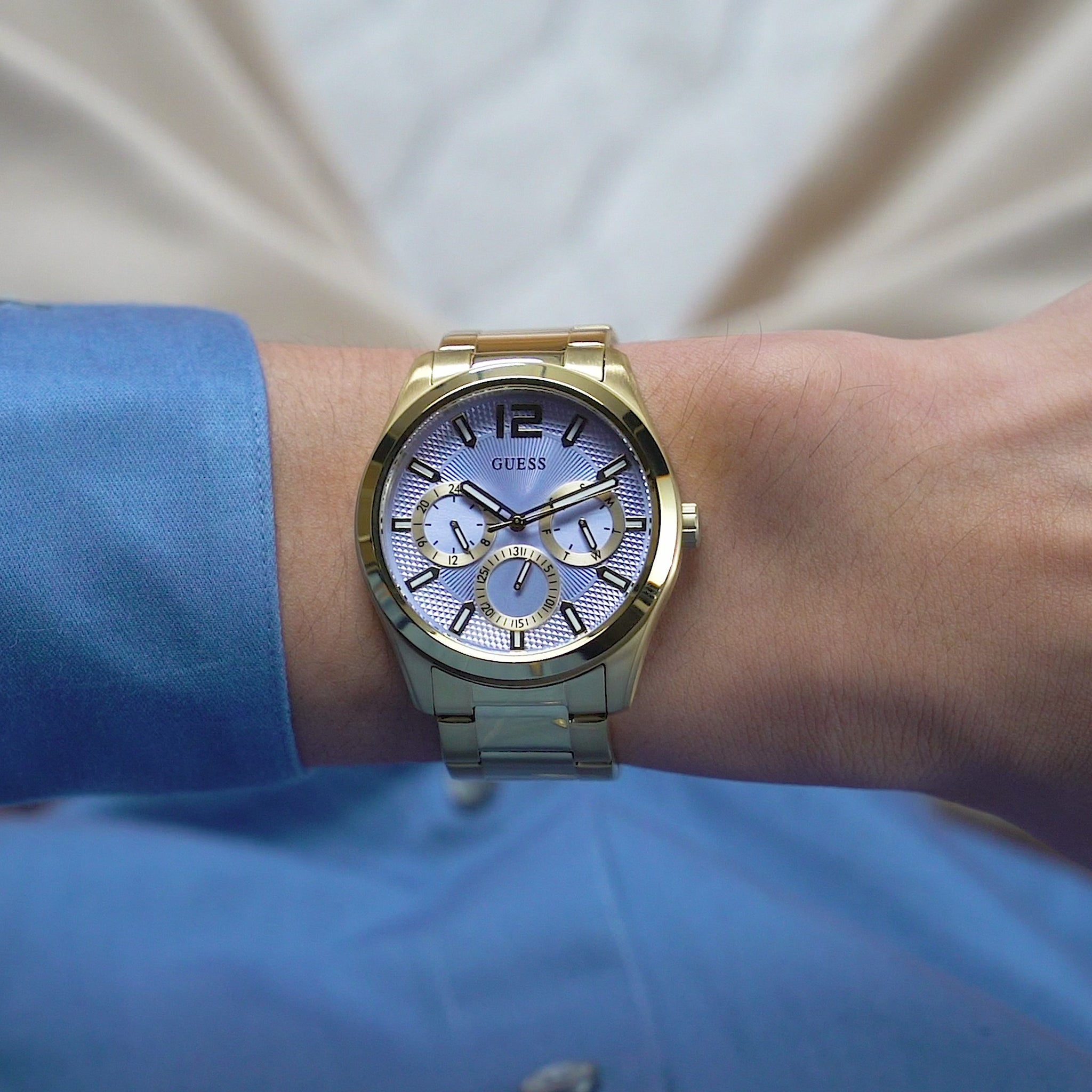 The Guess Dress collection introduces the GW0707G2, a refined 42 mm chronograph watch showcasing a sophisticated blue dial that merges technical capability with contemporary elegance. This analog chronograph features integrated stopwatch functionality, delivering practical performance for the achievement-focused professional. The substantial case size ensures optimal readability and wrist impact, while the serene blue tone introduces distinctive character without compromising versatility across formal and business settings. Built with Guess's commitment to precision engineering, this dress chronograph balances advanced timekeeping features with polished aesthetics. An ideal selection for those who demand a timepiece that excels in both performance and refined presentation.
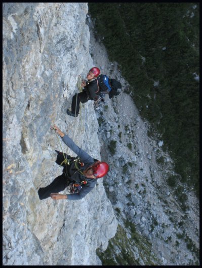 10b- pas fait: Tout droit, puis à gauche, et passer un dièdre pourri pour atteindre la deuxième vire (35 m, IV et IV+).
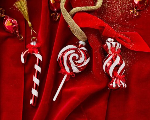 Pendente Lecca Lecca Bastoncini di Zucchero Mix Rosso 4,5×3,5x13cm in Vetro
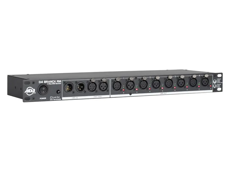 D4 Branch RM je 4kanálový splitter/booster DMX linky do racku, výška 1U. Jednotka rozděluje jeden vstupní DMX signál na 4 výstupní elektricky izolované a zesílené linky. Výstup DMX Thru umožňuje pokračování DMX linky do dalšího splitteru. Pokud DMX linka nepokračuje do dalšího splitteru, lze ji ukončit tlačítkem Terminate. Všechny vstupy a výstupy jsou v provedení 3pin a 5pin XLR. Každý výstup je vybaven LED indikací stavu linky.
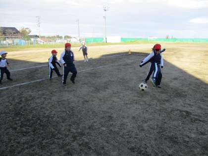 12月2日(月)久しぶりの外での体育(1・2年生) 公開日 2024/12/02 更新日 2024/12/02 2年生 小春日和の温かな日差しの中、久しぶりにグラウンドで体育ができました。 「キック&キャッチ」というサッカー型のゲームで、子どもたちは「作戦を考えよう」と自主的に集まったり、声をかけあってパスを練習したりしていました。
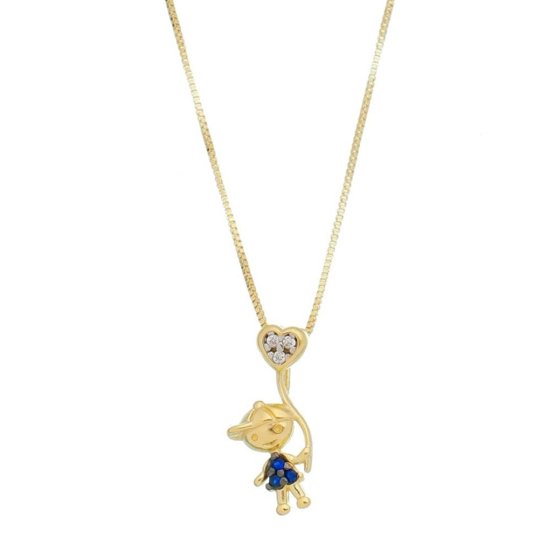 "O colar Piuka Filho, é composto por uma corrente tipo veneziana, pingente de menino com boné, e zircônias na cor safira, com pontos de ródio negro na roupinha, balão de coração com zircônias na cor cristal, fecho lagosta, extensor e é folheado a Ouro 18k.
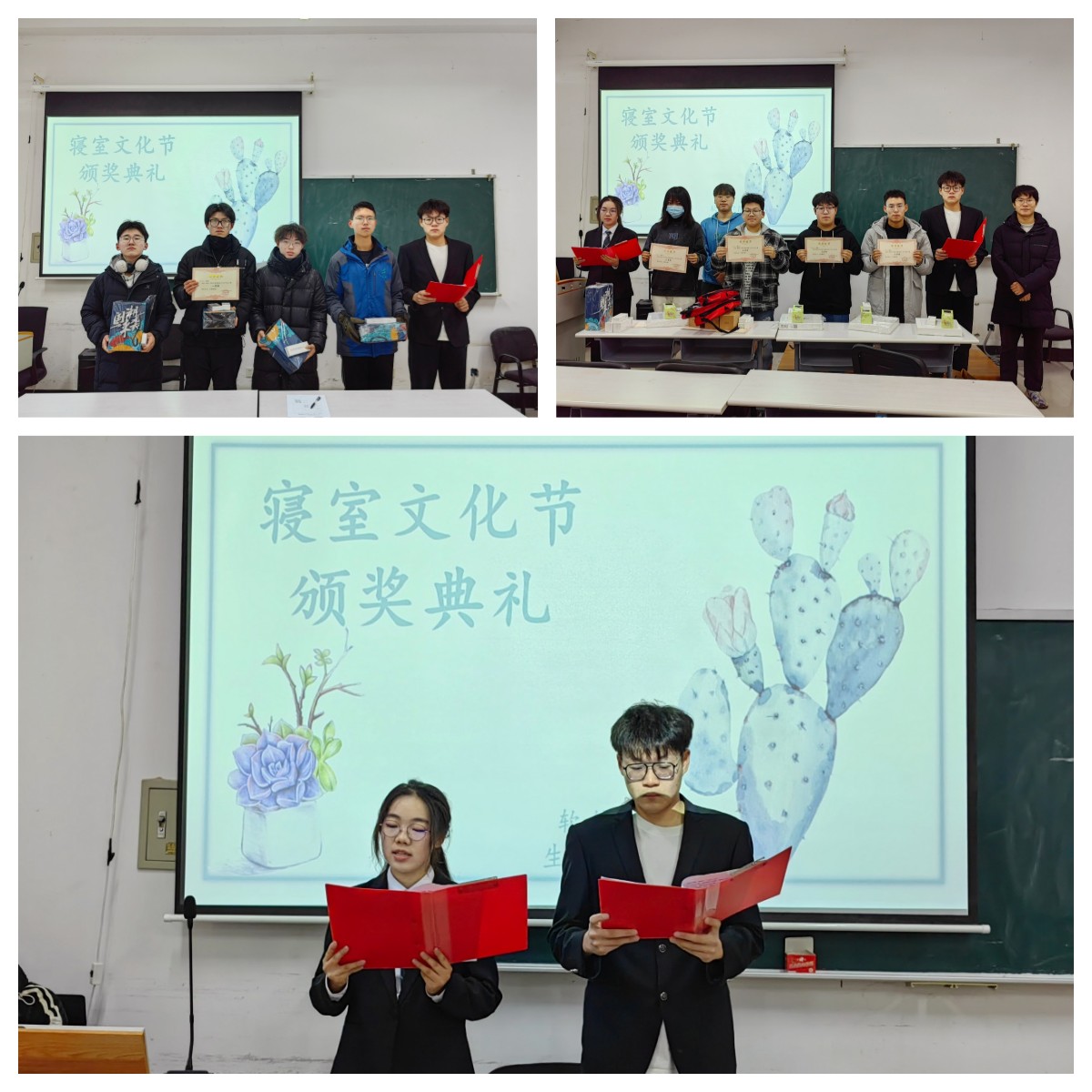 最终,通过对两个环节的评分进行加权,计算得出每个寝室的总成绩,并于12月1日在王湘浩楼A124室举办了颁奖典礼。共有9个优秀寝室脱颖而出,大学城三公寓3096寝室荣获一等奖,大学城三公寓的3020、3037 、3021寝室获得二等奖,大学城三公寓3018、3003、3102、3052、3106寝室获得三等奖。
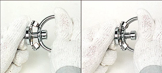 ■使用方法2.回転リングを手で回して、ボルト部をインサート金具に確実にねじ込みます。
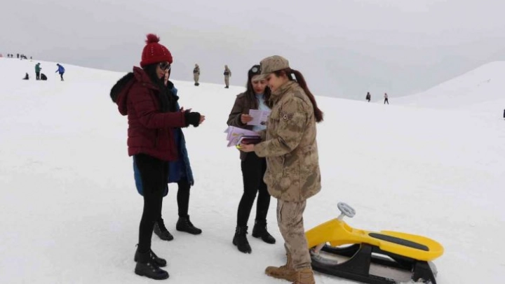 Bingöl'de Jandarma ekipleri, 2 bin 500 rakımlı Hesarek Kayak Merkezi'nde vatandaşlara KADES uygulamasını tanıttı.
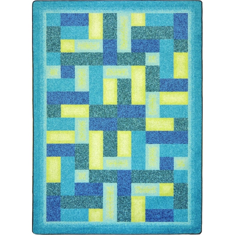 Off-Beat's maze-like labrynth of colorful rectangular art was inspired by early video games. This lively rug design is equally suited to a casual reading area as well as a teenage gameroom. -Certifications: CRI Green Label Plus Warranty: Joy Tuff Rug Lifet
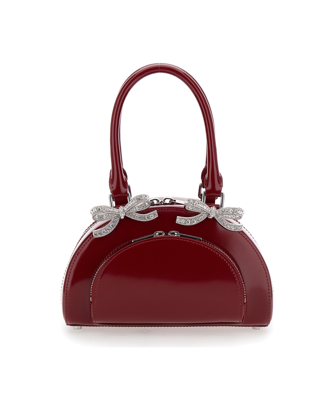 Handbag Bordeaux Two top handles Two way zip closure Crystal bows embellishment One front zipped pocket Silver tone metalware Patent leather Dimensions: 21x7x13 cm Handle drop: 14 cm
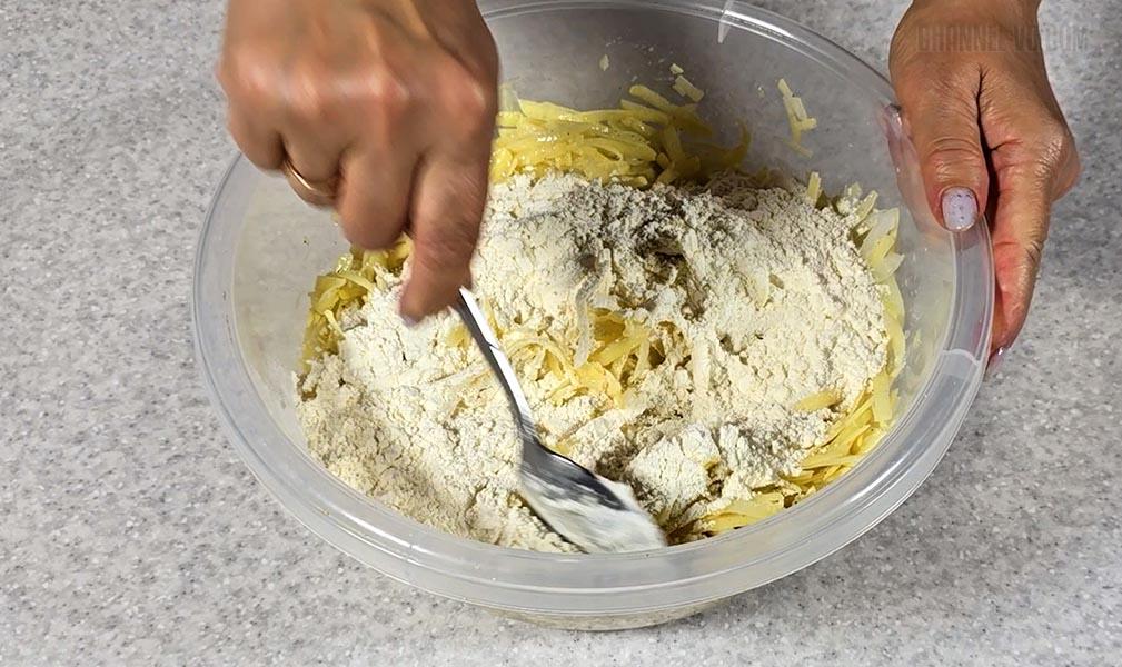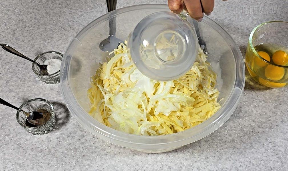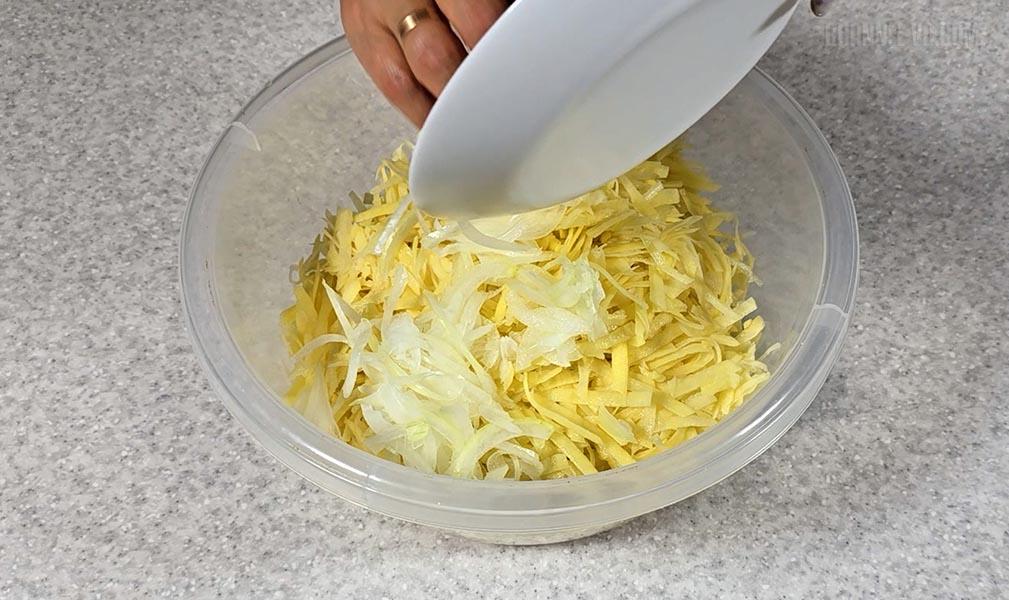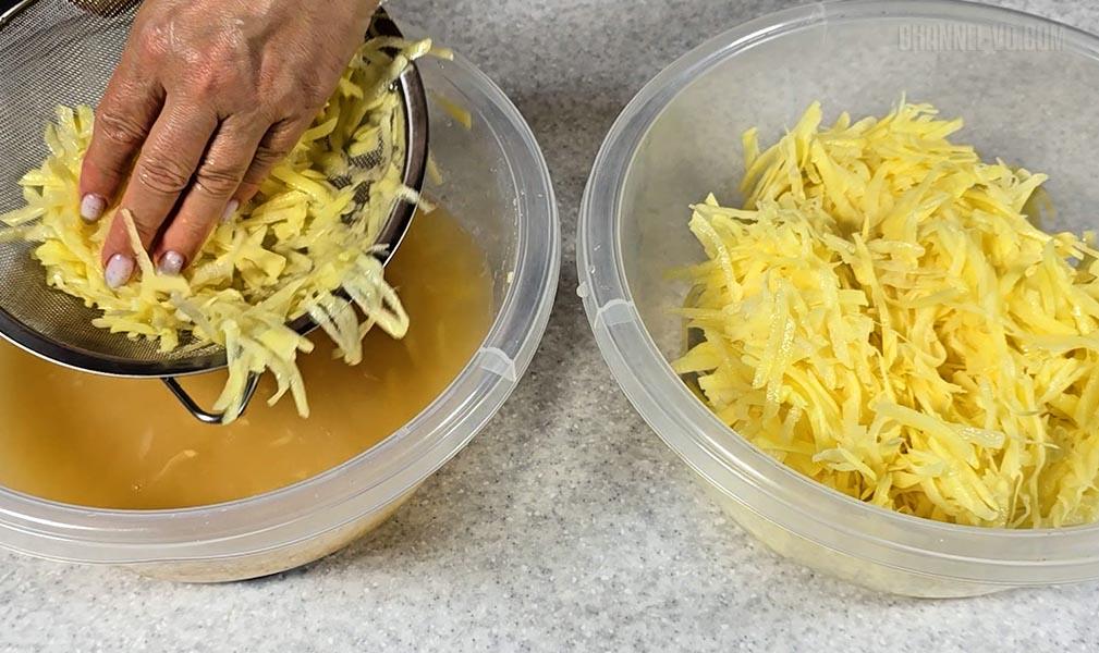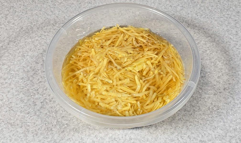 1. Заздалегідь картоплю натерти на крупній терці, залити холодною водою і так залишити на 20 хвилин.
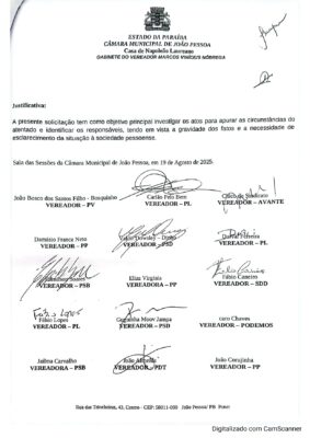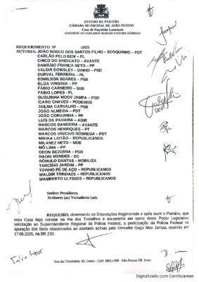 Vereadores de João Pessoa assinaram um requerimento em que solicitam a entrada da Polícia Federal na investigação do atentado contra o vereador Guga Moov Jampa. Conforme documento obtido com exclusividade pelo jornalista Clilson Júnior, nesta terça-feira (19), o requerimento tem assinatura de todos os parlamentares. O requerimento é de iniciativa do vereador Marcus Vinicius.
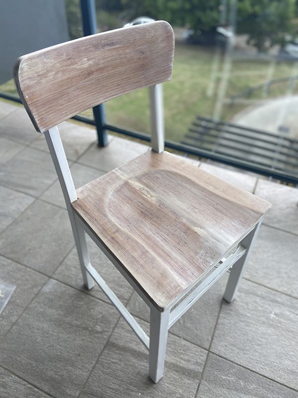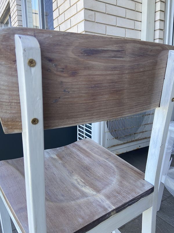 At the begining of sanding. Panels off the chair.Sand it by hand. 80 first then 120 then 220.At the begining of sanding. Panels off the chair.Sand it by hand. 80 first then 120 then 220.Wood filler for the holes and uneven surfaces and sand it againWood filler for the holes and uneven surfaces and sand it againPaint with Primer: British Paint 4in1 water based primer.Paint with Primer: British Paint 4in1 water based primer.Chalk paint and distress surface a bit. replace in gold screw. The panel of the chair I was using Feast Watson Satin. It left the orange-yellowish coat on it. My mistake was also applying on the white chalk paint plus my uneven paint skill. It leave the uneven dirty coatChalk paint and distress surface a bit. replace in gold screw. The panel of the chair I was using Feast Watson Satin. It left the orange-yellowish coat on it. My mistake was also applying on the white chalk paint plus my uneven paint skill. It leave the uneven dirty coatIt cracked after assemble back. I think next time I should use more wood instead of the screw back in. Gives too much pressure for the panel.It cracked after assemble back. I think next time I should use more wood instead of the screw back in. Gives too much pressure for the panel.I still happy what I did. and now i have another go.I still happy what I did. and now i have another go.
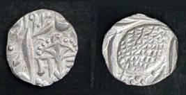 | Description / विवरण | Descrpn./Obv In the centre, a chhatra with Sa and Ta in Gurumukhi script on the left and right of its shaft; traces of the Persian legend seen on the obverse of the bigger Nanakshahi coins of Amritsar mint are also seen. Descrpn./Rev Big peepal leaf and traces of the Persian legend seen on the reverse of the bigger Nanakshahi coins of Amiritsar mint - Shri Amritsarjiv zarb [VS Year] Takht maimanat julus manus Akal Bakht. Especially traces of alif of Akal and te of Takht and maimanat are seen |

**ASSIGNMENT**: Reproduce only the lines from the first line of the entries through the line containing "Pendente Lecca Lecca", exactly and with both ends kept. Omit the pictures.

**RESULT OF THIS TASK**:
 The Guess Dress collection introduces the GW0707G2, a refined 42 mm chronograph watch showcasing a sophisticated blue dial that merges technical capability with contemporary elegance. This analog chronograph features integrated stopwatch functionality, delivering practical performance for the achievement-focused professional. The substantial case size ensures optimal readability and wrist impact, while the serene blue tone introduces distinctive character without compromising versatility across formal and business settings. Built with Guess's commitment to precision engineering, this dress chronograph balances advanced timekeeping features with polished aesthetics. An ideal selection for those who demand a timepiece that excels in both performance and refined presentation.
 10b- pas fait: Tout droit, puis à gauche, et passer un dièdre pourri pour atteindre la deuxième vire (35 m, IV et IV+).
 Pendente Lecca Lecca Bastoncini di Zucchero Mix Rosso 4,5×3,5x13cm in Vetro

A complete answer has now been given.